I think I probably insulted the dog / offended it by using the wrong gender pronoun.


----------



## The Gift of Fish (Mar 17, 2017)

UberLAguy said:


> What happened brother?


Couldn't go online suddenly on the app, Lyft sent a deactivation email to a different email account that is mine but which has never been associated with my Lyft account. So who knows.


----------



## The Gift of Fish (Mar 17, 2017)

Seamus said:


> From the first offer you accept the clock starts counting down. Now for entertainment value, let's hear the details on why you were deactivated. Did you go batshit crazy and pull some epic freak out on a pax?

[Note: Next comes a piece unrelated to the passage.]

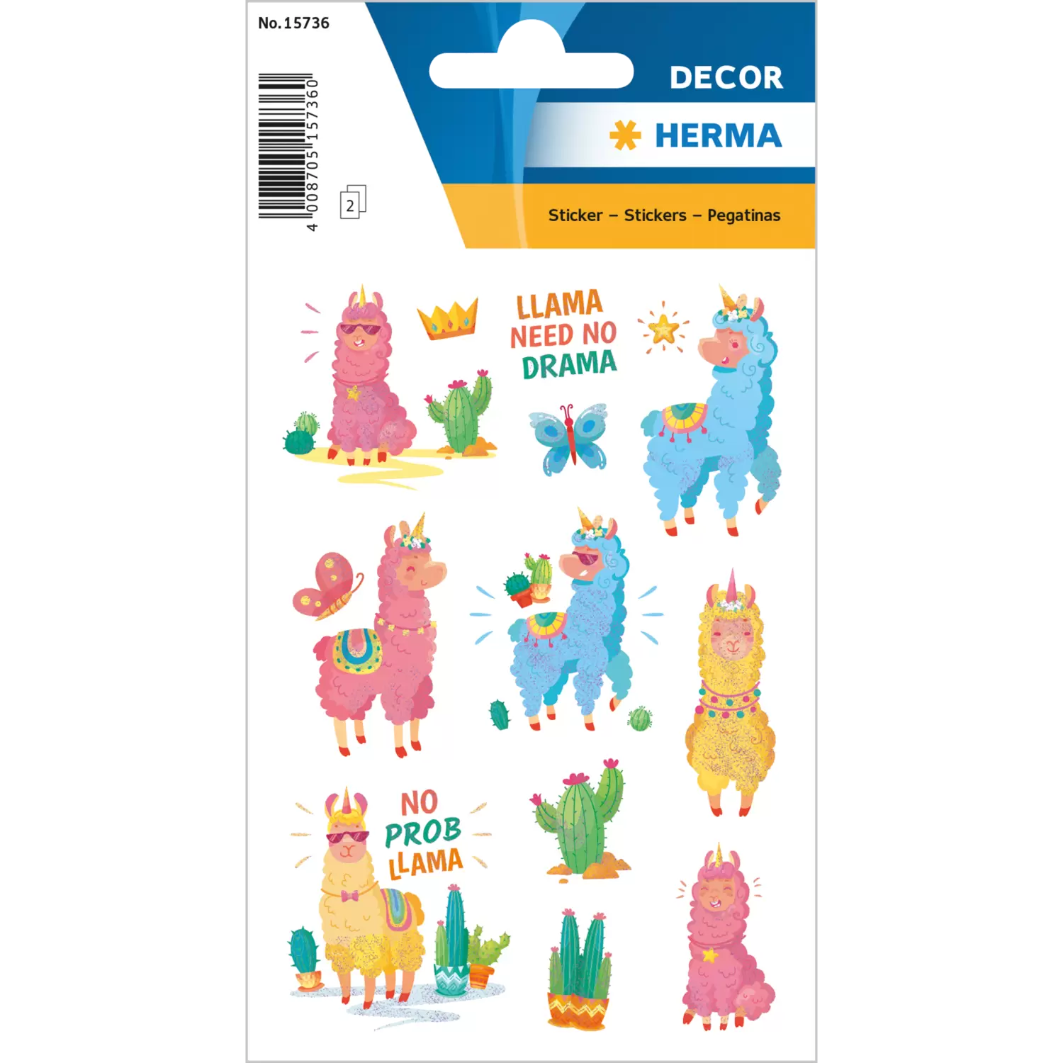 Hey Llama - no drama! The cheerful llamas in bright colours bring good mood to everyone! Cool with sunglasses and grinning merrily, a great motif for the sticker album, but also for decorating and embellishing. The highlight: the ornaments are made of delicate glitter - a great sparkling effect! Each pack contains 2 sheets of stickers with 12 stickers each. The stickers are made of high-quality paper, are permanently adhesive and self-adhesive on almost all surfaces. They can be easily peeled off and stuck on as desired. Perfect for decorating exercise books, files and folders, for crafts or for collecting and swapping.

I had considered going out in a blaze of glory with an epic meltdown / spazfest, but no, there was nothing out of the ordinary.

Lyft had been sending me emails about "unsatisfactory ride experiences" or some other bullshit, so I just set up an email filter to send them directly to the trash bin. I guess I must have let the community down somehow 🤠


----------



## AvisDeene (Jun 7, 2019)

The Gift of Fish said:


> I think I probably insulted the dog / offended it by using the wrong gender pronoun.


It’s probably more that you used the correct gender pronoun and offended them with the truth.


----------



## MarkR (Jul 26, 2015)

The Gift of Fish said:


> View attachment 598758
> 
> 
> 7 years and, apparently, 5,130 rides since I gave my first Lyft ride, I have been fired by the Pink Ones. All I can say is that I am surprised I lasted as long as I did!
> ...


just uninstall the app. I did. when you need a buck or two for gas install it again.


----------



## Paul Vincent (Jan 15, 2016)

I thought prop 22 had a review panel for a situation like this, guaranteed! Ask for your review as per prop 22. Deadmiler69 seemed to be an expert on this provision, you might be able to find him at a psychiatric unit or look for the Prius with the tent on top.


----------



## The Gift of Fish (Mar 17, 2017)

MarkR said:


> just uninstall the app. I did. when you need a buck or two for gas install it again.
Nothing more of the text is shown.